Long story short: entity resolution on emails is a very thorny problem, and there are many techniques we might use to solve it.

If I recall correctly, I wound up building my own entity resolver for performance reasons. Your (awesome) entity resolution requires an n^2 Levenstein distance matrix which was prohibitively expensive for some longer lists (and combinations of lists, which is what I've spent some time looking at).

I've made a new ticket for consolidating the various entity resolution scripts into a single module that documents their differences.
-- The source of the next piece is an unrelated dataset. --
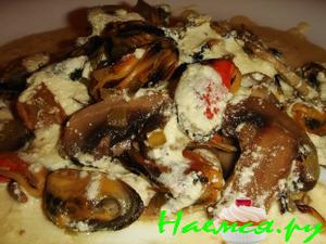 Мидии в соево-кунжутном соусе

https://github.com/sbenthall/bigbang/issues/252

I suggest we move any further discussion of this issue to that ticket. There are also I believe some existing tickets on this to be linked there.

- Seb

On Thu, May 5, 2016 at 5:42 PM, Nick Doty <npdoty@ischool.berkeley.edu> wrote:
Hi BigBang dev,

I've been turning back to this project and trying to get the code on my machine up to date with the subsequent changes to BigBang; in particular, the Analyze Senders notebook.

This pull request (using changes from Niels and some fixes of my own) returns functionality for generating a matrix of similarities, using the new from_header_distance function. The notebook shows walking through this similarity, visualizing it with a color map, finding a cutoff for similarities and consolidating senders.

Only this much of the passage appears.